=== Begin Enclosure ===
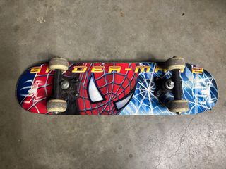 Skate con diseño de Spiderman 2. - Diseño de Spiderman en rojo y azul. - Ruedas y ejes negros.
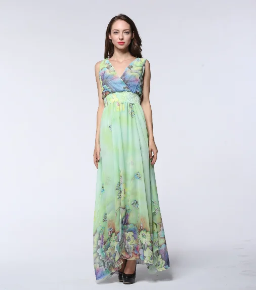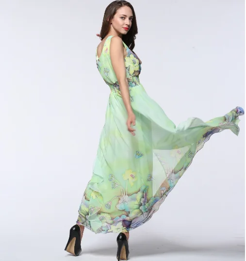2019 повседневное элегантное женское летнее шифоновое платье сексуальное платье с v-образным вырезом без рукавов F1er большой размер 7XL Robe femme ete Vestido longo
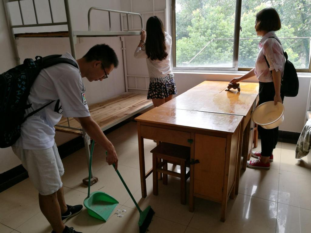 志愿者打扫新生寝室卫生
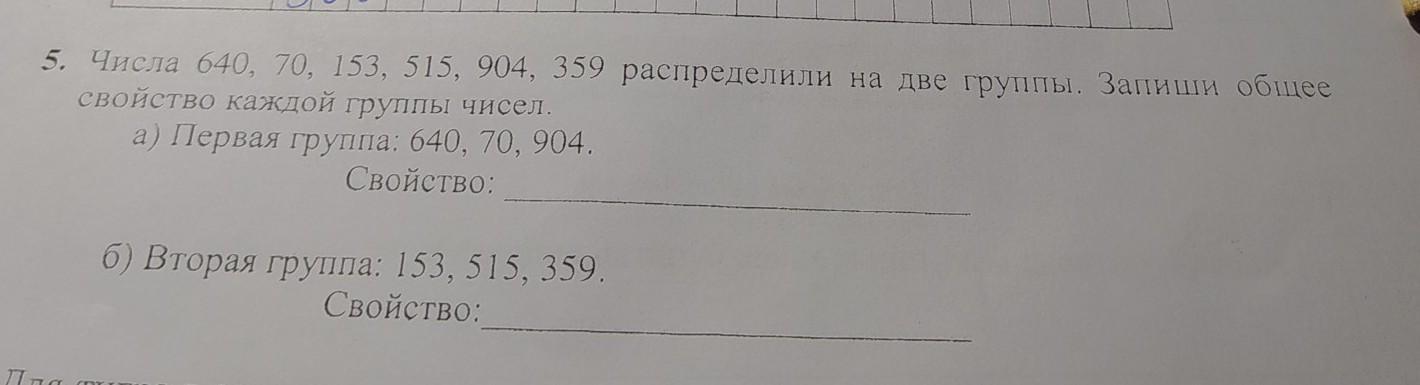 Числа 640, 70, 153, 515, 904, 359 распределили на две группы. Запиши общее свойство каждой группы чисел. а) Первая группа: 640, 70, 904. Свойство: б) Вторая группа: 153, 515, 359. Свойство:
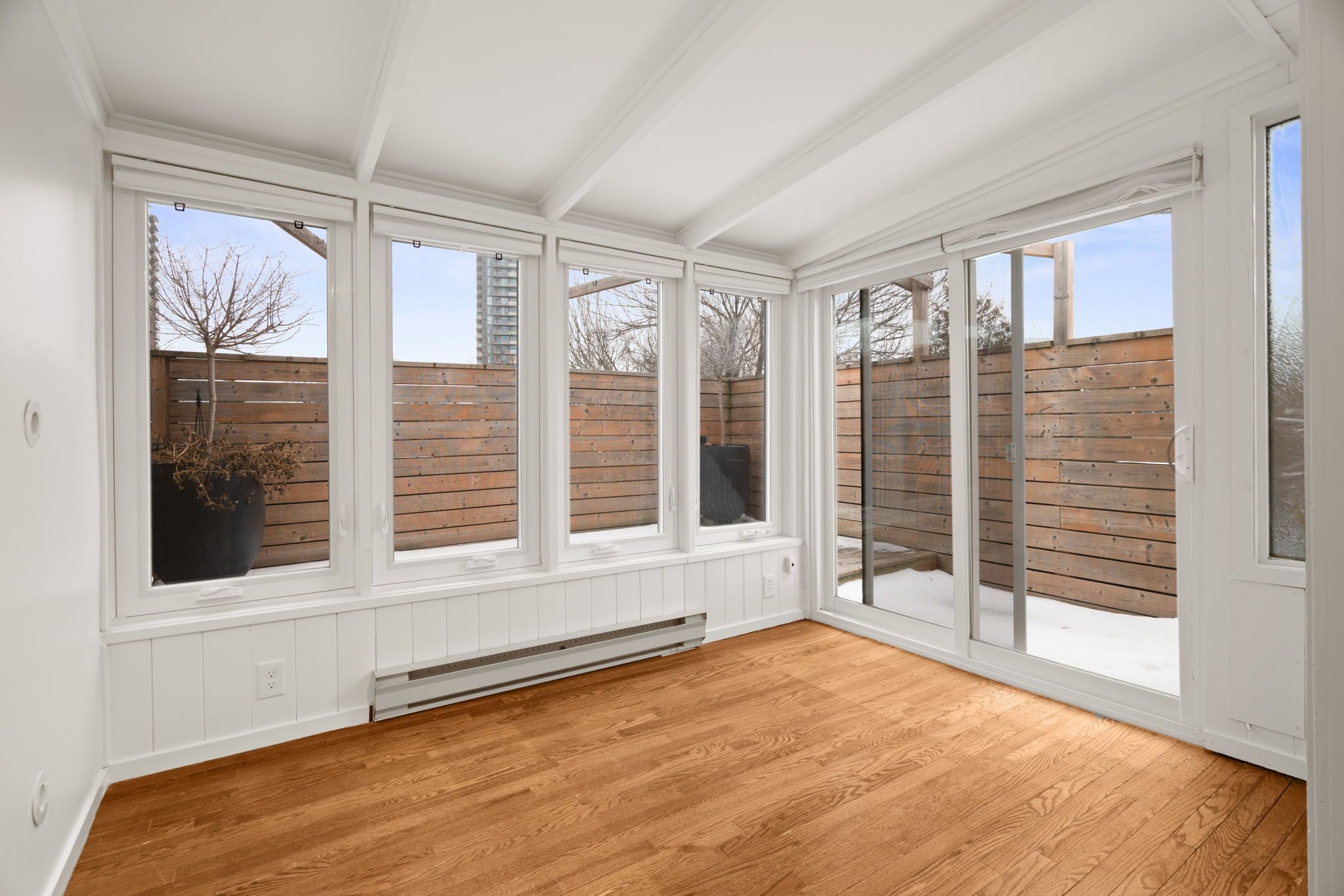 • Versatile sunroom perfect for a home office or relaxation.
=== End Enclosure ===
Please transcribe every entry above exactly, leaving out any pictures.

 Skate con diseño de Spiderman 2. - Diseño de Spiderman en rojo y azul. - Ruedas y ejes negros.
2019 повседневное элегантное женское летнее шифоновое платье сексуальное платье с v-образным вырезом без рукавов F1er большой размер 7XL Robe femme ete Vestido longo
 志愿者打扫新生寝室卫生
 Числа 640, 70, 153, 515, 904, 359 распределили на две группы. Запиши общее свойство каждой группы чисел. а) Первая группа: 640, 70, 904. Свойство: б) Вторая группа: 153, 515, 359. Свойство:
 • Versatile sunroom perfect for a home office or relaxation.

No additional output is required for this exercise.